The increased pleural pressure may lower the cardiac output by reducing the venous return and the cardiac volume [44]. The evaluation of hemodynamics therefore calls for special care in cases of increased intra-abdominal pressure [7,45]. Moreover, both the central venous pressure and the wedge pressure may appear 'falsely' elevated in the presence of increased pleural pressure [7].

In a recent series of experiments in pigs in which edema was induced by oleic acid and the pleural pressure was changed by pneumoperitoneum, we found a decrease in gas volume due to a decreased transpulmonary pressure [46]. However, this was associated with an almost 100% increase of pulmonary edema. This effect may possibly be due to the blood shift induced by the abdominal pressure increase, which in turn may favor edema formation in a 'leaking' lung. A decrease of the edema clearance due to the increased pleural pressure is another coexisting possibility.

Conclusion

We suggest that a rational approach to the treatment of ALI/ARDS requires the knowledge of both lung elastance and chest wall elastance.

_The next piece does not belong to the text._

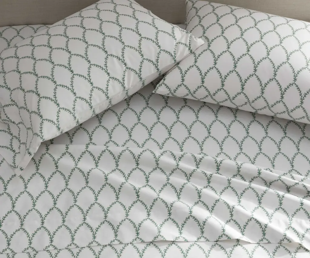 Arbors of delicate leaves arc across a solid ivory ground to create a pattern with a classic feel. Offered in your choice of three colorways, gold, blue, and sage, these sheets were created to layer with our other printed sateen bedding collections and coordinating Matelasse (sold separately). Crafted of buttery-soft and breathable sateen, this bedding collection has a subtle sheen and beautiful drape that's perfect for all-season comfort. Part of the Rifle Paper Co. x The Company Store collection.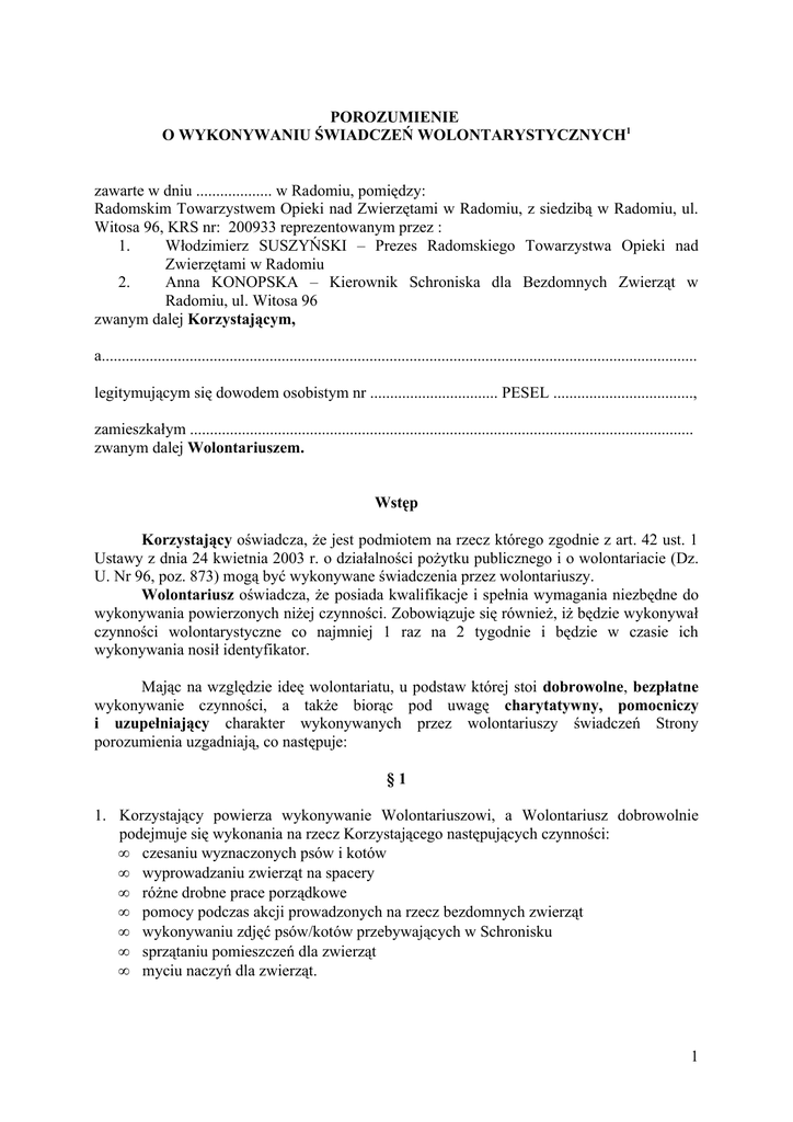 POROZUMIENIE O WYKONYWANIU ŚWIADCZEŃ WOLONTARYSTYCZNYCH1 zawarte w dniu ................... w Radomiu, pomiędzy: Radomskim Towarzystwem Opieki nad Zwierzętami w Radomiu, z siedzibą w Radomiu, ul. Witosa 96, KRS nr: 200933 reprezentowanym przez : 1. Włodzimierz SUSZYŃSKI – Prezes Radomskiego Towarzystwa Opieki nad Zwierzętami w Radomiu 2. Anna KONOPSKA – Kierownik Schroniska dla Bezdomnych Zwierząt w Radomiu, ul. Witosa 96 zwanym dalej Korzystającym, a..................................................................................................................................................... legitymującym się dowodem osobistym nr ................................ PESEL ..................................., zamieszkałym .............................................................................................................................. zwanym dalej Wolontariuszem. Wstęp Korzystający oświadcza, że jest podmiotem na rzecz którego zgodnie z art. 42 ust. 1 Ustawy z dnia 24 kwietnia 2003 r. o działalności pożytku publicznego i o wolontariacie (Dz. U. Nr 96, poz. 873) mogą być wykonywane świadczenia przez wolontariuszy. Wolontariusz oświadcza, że posiada kwalifikacje i spełnia wymagania niezbędne do wykonywania powierzonych niżej czynności. Zobowiązuje się również, iż będzie wykonywał czynności wolontarystyczne co najmniej 1 raz na 2 tygodnie i będzie w czasie ich wykonywania nosił identyfikator. Mając na względzie ideę wolontariatu, u podstaw której stoi dobrowolne, bezpłatne wykonywanie czynności, a także biorąc pod uwagę charytatywny, pomocniczy i uzupełniający charakter wykonywanych przez wolontariuszy świadczeń Strony porozumienia uzgadniają, co następuje: §1 1. Korzystający powierza wykonywanie Wolontariuszowi, a Wolontariusz dobrowolnie podejmuje się wykonania na rzecz Korzystającego następujących czynności: • czesaniu wyznaczonych psów i kotów • wyprowadzaniu zwierząt na spacery • różne drobne prace porządkowe • pomocy podczas akcji prowadzonych na rzecz bezdomnych zwierząt • wykonywaniu zdjęć psów/kotów przebywających w Schronisku • sprzątaniu pomieszczeń dla zwierząt • myciu naczyń dla zwierząt. 1 2. Czynności, o których mowa wyżej będą wykonywane w pod nadzorem pracownika Schroniska §2 1. Strony Umowy uzgadniają, że czynności określone w § 1 będą wykonywane w okresie od ....................... do ....................... . 2. Miejscem wykonywania czynności będzie Schroniska dla Bezdomnych Zwierząt mieszczące się przy ul. Witosa 96 w Radomiu §3 Z uwagi na charakter i ideę wolontariatu: 1. Wolontariusz jest obowiązany wykonywać uzgodnione czynności osobiście; 2. Wolontariusz za swoje czynności nie otrzyma wynagrodzenia. §4 1. Korzystający zobowiązuje się zapewnić Wolontariuszowi bezpieczne i higieniczne warunki wykonywania przez niego świadczeń. 2. Korzystający na czas wykonywania świadczeń przekazuje Wolontariuszowi środki ochrony indywidualnej. §5 Korzystający ma obowiązek ubezpieczyć wolontariusza od następstw nieszczęśliwych wypadków. §6 Korzystający zapewnia wolontariuszowi ubezpieczenie zdrowotne, w terminie ...................dni od dnia zawarcia porozumienia. §7 Korzystający pokrywa, na dotyczących pracowników zasadach określonych w odrębnych przepisach, koszty podróży służbowych i diet Wolontariusza. §8 Wolontariusz zobowiązuje się zachowania w tajemnicy informacji, które uzyskał w związku w wykonywaniem świadczeń na rzecz Korzystającego, a które stanowią tajemnicę Korzystającego. §9 1. Porozumienie może być rozwiązane przez każdą ze Stron za 7 dniowym wypowiedzeniem; 2. Porozumienie może być rozwiązane przez każdą ze Stron bez wypowiedzenia z ważnych przyczyn. 3. Za ważne przyczyny Strony uznają w szczególności: • działanie na szkodę zwierząt przebywających na Schronisku 2 • • • szkodzenie dobremu imieniu Wolontariusza w radomskim schroniska swoim zachowaniem wobec zwierząt w czasie prywatnym wykonywanie czynności wolontarystycznych rzadziej niż 1 raz na 2 tyg. nieuzasadnione niewykonywanie powierzonych zadań § 10 Za wyrządzone szkody strony odpowiadają na zasadach określonych w Kodeksie Cywilnym. § 11 W sprawach nieuregulowanych przepisami Ustawy o działalności pożytku publicznego i o wolontariacie lub niniejszym Porozumieniem zastosowanie będą miały odpowiednie przepisy Kodeksu Cywilnego. § 12 Wszelkie zmiany Porozumienia będą dokonywane w formie pisemnej pod rygorem nieważności. § 13 1. Umowę sporządzono w dwóch jednobrzmiących egzemplarzach, po jednym dla każdej ze Stron; 2. Wolontariusz może w każdym czasie domagać się wydania przez Korzystającego pisemnego zaświadczenia o wykonaniu świadczeń przez Wolontariusza. Zaświadczenie to powinno zawierać informację o zakresie wykonywanych świadczeń. Korzystający Wolontariusz 3 1 Wzór przygotowany w oparciu o ustawę o działalności pożytku publicznego i o wolontariacie z dnia 24 kwietnia 2003 r. (Dz. U. Nr 96, poz. 873)

Although not routinely carried out, we firmly believe that the measurement of the intra-abdominal pressure, the leading cause of chest wall impairment, should be performed.

Competing interests

None declared.

Abbreviations

ALI = acute lung injury; ARDS = acute respiratory distress syndrome; Ecw = chest wall elastance; El = lung elastance; Etot = total respiratory system elastance; Paw = airway pressure; Pl = transpulmonary pressure; Ppl = pleural pressure; VILI = ventilator-induced lung injury.